А теперь, проветрив хорошенько фотографии, я начала их потихоньку разбирать, и это тоже сильно затянуло и, наряду с делами рабочими отвлекло от ЖЖ. И оказалось, что среди фотографий затесалось десятка полтора открыток, которые я, прежде, чем выбросить, не поленилась прочитать.

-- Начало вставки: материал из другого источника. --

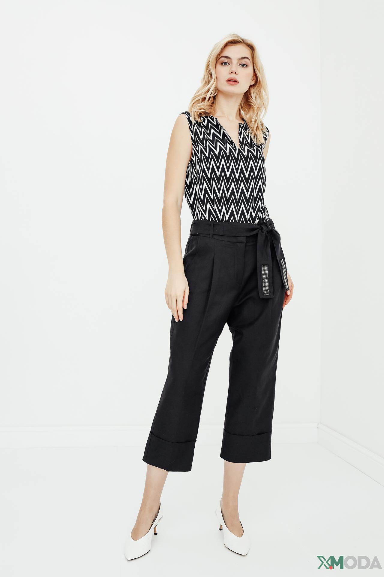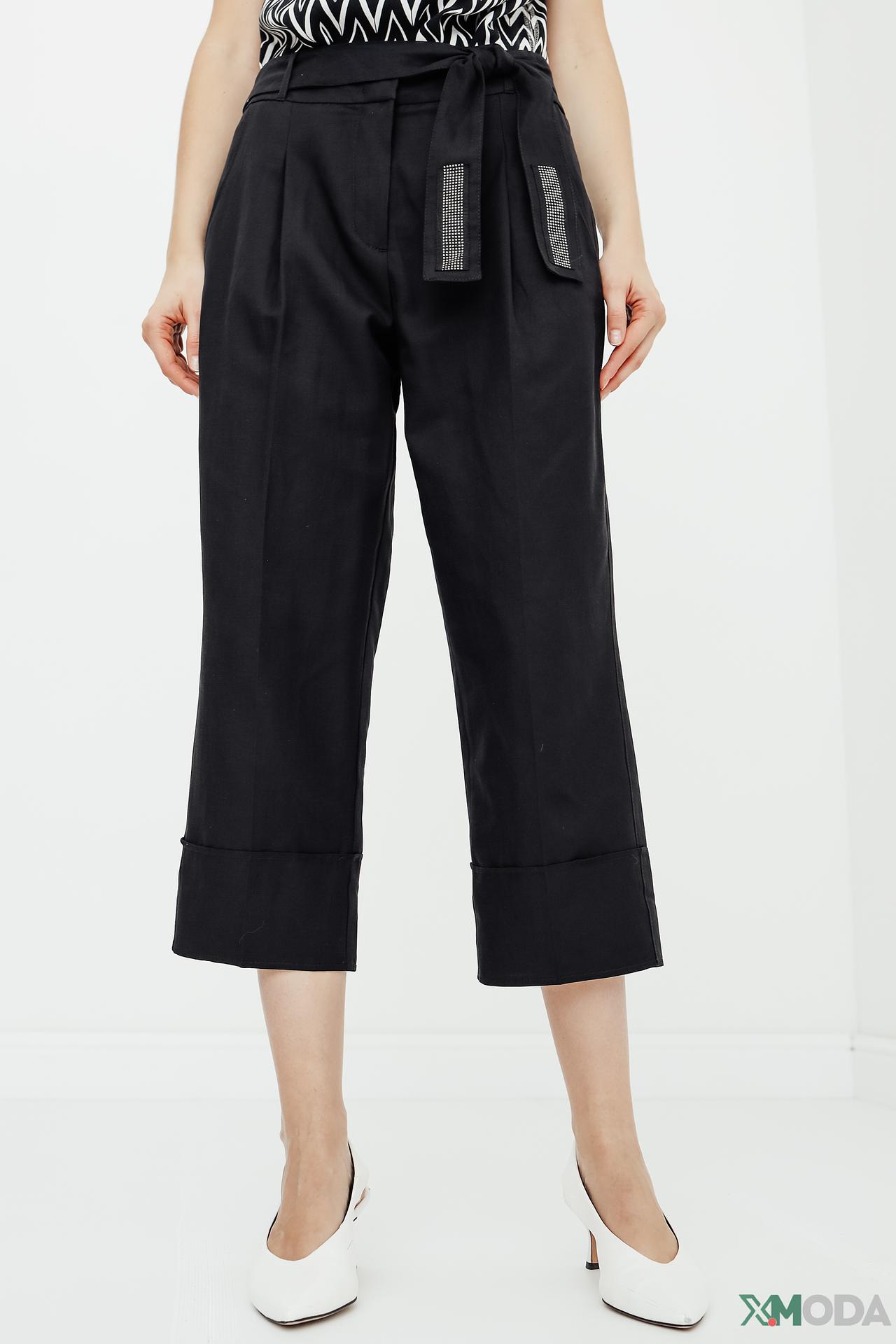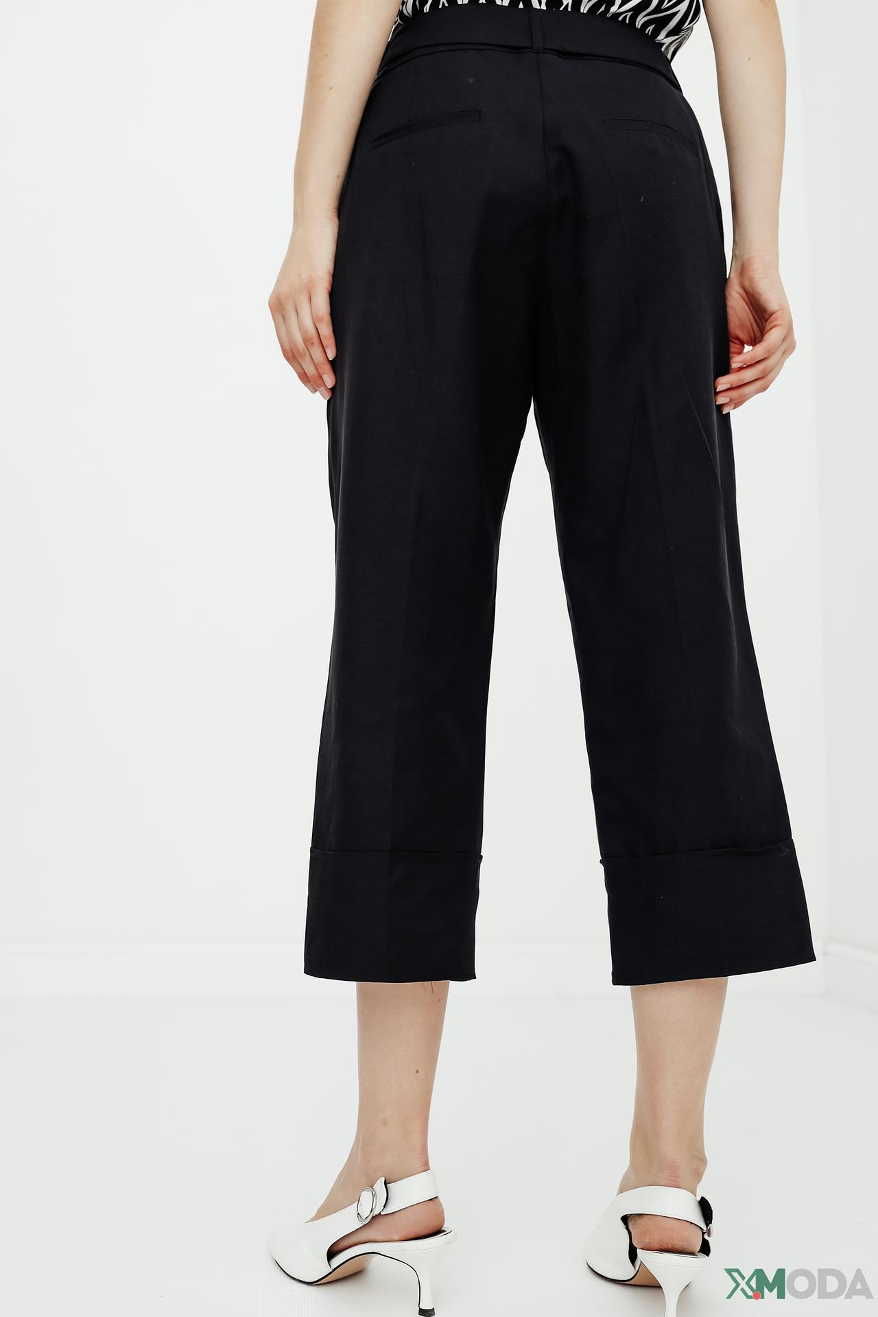 - Широкие отвороты: Широкие фиксированные отвороты по низу брючин придают изделию законченный вид и современный акцент. Этот элемент подчеркивает элегантность и добавляет объем в области щиколотки.

На старые открытки вроде бы принято умиляться — а меня опять тоска одолела. Вспомнила давний и совершенно жуткий рассказ Татьяны Толстой «Женский день», девочки в школе пишут мамам открытки к 8-му марта:
На другой стороне картонки — белая, разлинованная поверхность, и на ней, под диктовку краснолицых, толстых надсмотрщиков, пристукивающих костяшками пальцев по столу, мы покорно пишем: «Дорогая мама! Желаю тебе счастья в личной жизни… успехов в труде… мирного неба над головой». Крупным, как тыквенные семечки, семилетним почерком я вывожу на меловой бумаге государственные, пустые слова. Чужие слова, потому что своих у меня еще нет...
Отсюда и моя тоска — и этот десяток, и горы выброшенных
картонных прямоугольничков — вроде не семилетние люди писали, а
сплошь чужие слова, разным почерком, но, как под копирку —
примите самые сердечные... от всей души.... успехов в работе...
крепкого здоровья... счастья в личной жизни...
Или ещё, с
претензией на образность: сибирского здоровья!.. кавказского
долголетия!.. украинского аппетита!
А страшнее всего — стихотворные:
Желаем счастья, долгих лет,
Желаем творческих Побед.
Цветов, улыбок, дружбы верной,
Ну, а здоровья, непременно!
(Жаль, что я не Вышинский — за рифму «верной — непременно» давала бы десять лет без права переписки без учета смягчающих обстоятельств. Страшнее этого только только «дорогой наш человек», «светлый наш человечек», «ваш труд по посеянию (так!) разумного, доброго, вечного» и «сияйте лучиком добра!»).
Вот право слово, на фоне этой мертвечины письма деревенских моих родственников, пренебрегающих, подобно Дос Пассосу, знаками препинания, со всеми этими «во первых строках моего письма» и «а также шлют тебе привет племянник Николай и жена его Таисья и дочери наши Татьяна с Надеждой и двойняшки Любка с Наташкой и Володька махонькой и сват Сергей и подруга твоя давняя Валентина а мужа своего Петра она схоронила недавно скоро сороковины...» — выглядят просто островами индивидуальности и образцами стиля, несмотря на непременное «жду ответа, как соловей лета» — всё-таки те простодушные словесные формулы с раньшего времени были куда обаятельнее и человечнее, что ли...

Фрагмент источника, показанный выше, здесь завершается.